Conformalized Bayesian Inference, with Applications to Random Partition Models

TL;DR

This paper introduces Conformalized Bayesian Inference (CBI), a new framework for posterior inference in complex, nonparametric models that provides uncertainty quantification, point estimates, and multimodality analysis with theoretical guarantees.

Contribution

The paper proposes CBI, a broadly applicable, computationally efficient method that offers assumption-free credible regions and multimodality analysis for complex Bayesian models.

Findings

CBI provides valid credible regions with coverage guarantees.

CBI effectively identifies posterior modes through density-based clustering.

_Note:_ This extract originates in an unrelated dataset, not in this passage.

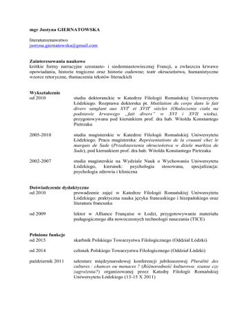 mgr Justyna GIERNATOWSKA literaturoznawstwo [email protected] Zainteresowania naukowe krótkie formy narracyjne szesnasto- i siedemnastowiecznej Francji, a zwłaszcza krwawe opowiadania, historie tragiczne oraz historie cudowne; teatr okrucieństwa, humanistyczne wzorce retoryczne, tłumaczenia tekstów literackich Wykształcenie od 2010 studia doktoranckie w Katedrze Filologii Romańskiej Uniwersytetu Łódzkiego. Rozprawa doktorska pt. Mutilation du corps dans le fait divers sanglant aux XVIe et XVIIe siècles (Okaleczenie ciała na podstawie krwawego „fait divers” w XVI i XVII wieku), przygotowywana pod kierunkiem prof. dra hab. Witolda Konstantego Pietrzaka 2005-2010 studia magisterskie w Katedrze Filologii Romańskiej Uniwersytetu Łódzkiego. Praca magisterska: Représentations de la cruauté chez le marquis de Sade (Przedstawienia okrucieństwa w dziele markiza de Sade), pod kierunkiem prof. dra hab. Witolda Konstantego Pietrzaka 2002-2007 studia magisterskie na Wydziale Nauk o Wychowaniu Uniwersytetu Łódzkiego, kierunek: psychologia stosowana, specjalizacja: psychologia zdrowia i kliniczna Doświadczenie dydaktyczne od 2010 prowadzenie zajęć w Katedrze Filologii Romańskiej Uniwersytetu Łódzkiego: praktyczna nauka języka francuskiego i hiszpańskiego oraz literatura francuska od 2009 lektor w Alliance Française w Łodzi, przygotowywanie materiału pedagogicznego dla nowoczesnych technologii nauczania (TICE) Pełnione funkcje od 2015 skarbnik Polskiego Towarzystwa Filologicznego (Oddział Łódzki) od 2014 członek Polskiego Towarzystwa Filologicznego (Oddział Łódzki) październik 2011 sekretarz międzynarodowej konferencji jubileuszowej Pluralité des cultures : chances ou menaces ? (Różnorodność kulturowa: szanse czy zagrożenia?) organizowanej przez Katedrę Filologii Romańskiej Uniwersytetu Łódzkiego (13-15 X 2011) od 2011 członek komisji egzaminacyjnej języka francuskiego DELF/DALF w Alliance Française w Łodzi (uprawnienia dla wszystkich poziomów: A1.1 – C2, nadane przez Centre International d’Études Pédagogiques) Stypendia i wyjazdy zagraniczne maj-czerwiec 2014 kwerenda w Lyonie, przeprowadzona w ramach bezpośredniej współpracy pomiędzy Uniwersytetem Łódzkim a Université Lumière Lyon 2 maj 2012 kwerenda w Lyonie (w ramach bezpośredniej współpracy pomiędzy Uniwersytetem Łódzkim a Université Lumière Lyon 2) Udział w projektach badawczych od 2010 członek zespołu naukowego przygotowującego antologię tekstów pt. Cuda i Potwory od starożytności do XX wieku (projekt powstały we współpracy między Katedrą Filologii Romańskiej UŁ a Katedrą Filologii Klasycznej UŁ) Ważniejsze publikacje „De la chronique à la politique. L’histoire du Maure cruel entre le Moyen Âge et le XVIIe siècle”, w: Pluralité des cultures : chances ou menaces?, Acta Universitatis Lodziensis, „Folia Litteraria Romanica”, nr 9, Wydawnictwo Uniwersytetu Łódzkiego, Łódź 2014 „Non omnis moriar: mowy pogrzebowe Arnaud Sorbina w świetle renesansowej tradycji retorycznej”, w: Pamięć i Zapomnienie, Acta Universitatis Lodziensis, „Folia Litteraria Romanica”, nr 8, Leksem, Łask 2013 Współredakcja tomów pokonferencyjnych Pietrzak Witold Konstanty, Giernatowska Justyna (red.), Pluralité des cultures: chances ou menaces?, Acta Universitatis Lodziensis, „Folia Litteraria Romanica”, nr 9, Wydawnictwo Uniwersytetu Łódzkiego, Łódź 2014 Udział w konferencjach międzynarodowych (jako prelegent) 12-13 X 2015 (Lyon) Colloque international Supplices et tortures à l’œuvre depuis l’Antiquité (littérature, théâtre, cinéma), organisé à l’Université Lumière Lyon 2. Tytuł referatu: „Les supplices dans les martyrologes protestant et catholique du XVIe siècle : mimèsis et symbolique” 17-19 III 2015 (Rouen) Colloque pluridisciplinaire Dramaturgies du conseil et de la délibération organisé à l’Université de Rouen par le CÉRÉdI avec la participation de l’ÉRIAC. Tytuł referatu: „Décision « désorientée » : délibération astucieuse dans les Épitomes de cent histoires tragiques d’Alexandre Van den Bussche” https://webtv.univ-rouen.fr/videos/jeu-giernatowska-diapo/ 12-13 II 2015 (Rouen) Colloque international La collection des Histoires tragiques 1559-1586, organisé à l’Université de Rouen par le CÉRÉdI. Tytuł referatu: „Le corps mutilé et les enjeux de ses représentations dans les histoires tragiques (1559-1586)” Udział w konferencjach krajowych (jako prelegent) 18-20 XI 2015 (Sosnowiec) XVIII Spotkania Specjalistów Dawnych Literatur Romańskich pt. Dualizm w dawnych literaturach romańskich, zorganizowane przez Instytut Języków Romańskich i Translatoryki Uniwersytetu Śląskiego w Sosnowcu. Tytuł referatu: „Dualizm etyczny w krwawym fait divers szesnastoi siedemnastowiecznej Francji” 24-25 X 2015 (Warszawa) Interdyscyplinarna Konferencja Naukowa Kobiety Europy epok dawnych – źródła i perspektywy organizowana przez Uniwersytet Warszawski. Tytuł referatu: „Sprawiedliwość czy transgresja? Kobiety niosące okrutną śmierć we francuskiej nowelistyce XVI i XVII wieku” 17 VI 2014 (Łódź) Sesja naukowa Zwierzęta w zwierciadle ludzkich wyobrażeń zorganizowana przez dr Martę Czapińską w Katedrze Filologii Klasycznej Uniwersytetu Łódzkiego, w ramach Koła Łódzkiego Polskiego Towarzystwa Filologicznego. Tytuł referatu: „Wybryk natury czy boska przestroga? Osobliwości zwierzęce we francuskiej kazuistyce przyrodniczej (1560-1624)” 5-7 XII 2012 (Poznań) XV Spotkania Specjalistów Dawnych Literatur Romańskich pt. Mistrz i uczeń, zorganizowane przez Uniwersytet im. Adama Mickiewicza w Poznaniu. Tytuł referatu: „Mistrz czy uczeń? Koncepcje filozoficzne w Dialogach Louisa Le Carona” 1 VI 2012 (Łódź) Konferencja naukowa Homo furens – między ascezą a rozkoszą zorganizowana przez Interdyscyplinarny Zespół NaukowoBadawczy Międzynarodowej

The method demonstrates scalability and versatility in real and simulated data applications.

Abstract

Bayesian posterior distributions naturally represent parameter uncertainty informed by data. However, when the parameter space is complex, as in many nonparametric settings where it is infinite-dimensional or combinatorially large, standard summaries such as posterior means, credible intervals, or simple notions of multimodality are often unavailable, hindering interpretable posterior uncertainty quantification. We introduce Conformalized Bayesian Inference (CBI), a broadly applicable and computationally efficient framework for posterior inference on nonstandard parameter spaces. CBI yields a point estimate, a credible region with assumption-free posterior coverage guarantees, and a principled analysis of posterior multimodality, requiring only Monte Carlo samples from the posterior and a notion of discrepancy between parameters. The method builds a pseudo-density score for each parameter value, yielding a MAP-like point estimate and a credible region derived from conformal prediction principles. The key conceptual step underlying this construction is the reinterpretation of posterior inference as prediction on the parameter space. A final density-based clustering step identifies representative posterior modes. We investigate a number of theoretical and methodological properties of CBI and demonstrate its practicality, scalability, and versatility in simulated and real data clustering applications with random partition models. An accompanying Python library, cbi_partitions, is available at github.com/nbariletto/cbi_partitions_repo.